Syndrome du glissement

Rédigé par des auteurs spécialisés Ooreka  À jour en février 2020

Sommaire

Le syndrome de glissement est un syndrome qui s’observe chez les personnes âgées et qui désigne un état de grande déstabilisation physique et psychique. La personne, suite à une affection aiguë, semble inconsciemment refuser de continuer à vivre. Bien que classiquement classé sous le terme de « sénilité », ce syndrome est en réalité plus complexe et il est à distinguer des autres cachexies auxquelles aboutissent un certain nombre d’affections chroniques des personnes âgées.

Caractéristiques du syndrome de glissement

Qui est concerné par le syndrome de glissement ?

Le syndrome de glissement a pour la première fois été décrit en 1956 par le gériatre Jean Carrié.
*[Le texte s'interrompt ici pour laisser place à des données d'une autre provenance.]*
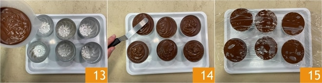 Despeje a mistura em 6 forminhas de pudim (diâmetro 8 cm e altura 5 cm). Nivele a superfície 14, cubra com filme plástico 15 e deixe esfriar primeiro em temperatura ambiente e depois na geladeira por pelo menos 2-3 horas.
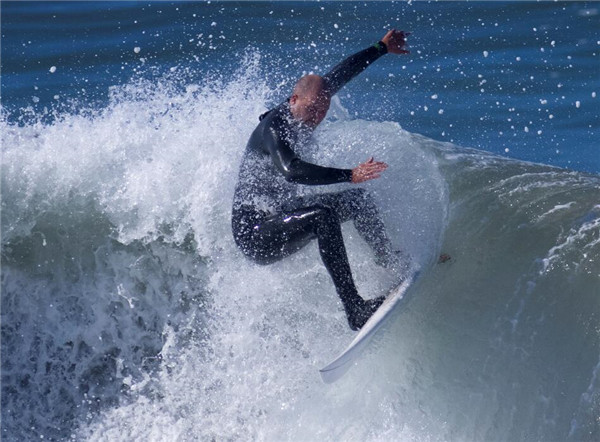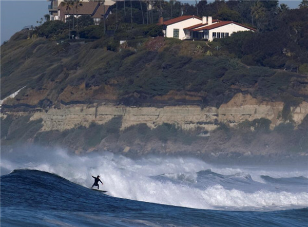 当地时间1月11日,美国加利福尼亚州卡迪夫海滩,当巨浪向加州海岸线袭来时,一些冲浪爱好者乘势冲浪,既惊险又刺激,好不快哉!(图源:路透社)

Il le décrivait comme étant « un processus d’involution et de sénescence porté à son état le plus complet ». Le terme de glissement a ensuite été repris en 1967 par P. Graux pour désigner le changement de comportement de certaines personnes âgées.

Il concerne 1 à 4 % des personnes hospitalisées âgées de plus de 70 ans (83 ans en moyenne) et étant particulièrement fragiles. D’une façon générale, les personnes âgées ayant un lourd passé médical avec beaucoup de pathologies présentent davantage de risques que les autres de voir apparaître un syndrome de glissement.

Les personnes souffrant de pathologie hormonale (souvent diabète de type 2), d’antécédents neuromusculaires, de troubles cardiaques (dans près de 45 % des cas et principalement une HTA) et de troubles respiratoires (dans près de 60 % des cas) sont particulièrement concernées.

Causes

Le syndrome de glissement n’a pas de cause médicale connue qui fasse consensus. Toutefois, on sait qu’il survient à distance (de quelques jours à un mois) d’une maladie en phase de guérison ou quelque temps après un événement perturbant.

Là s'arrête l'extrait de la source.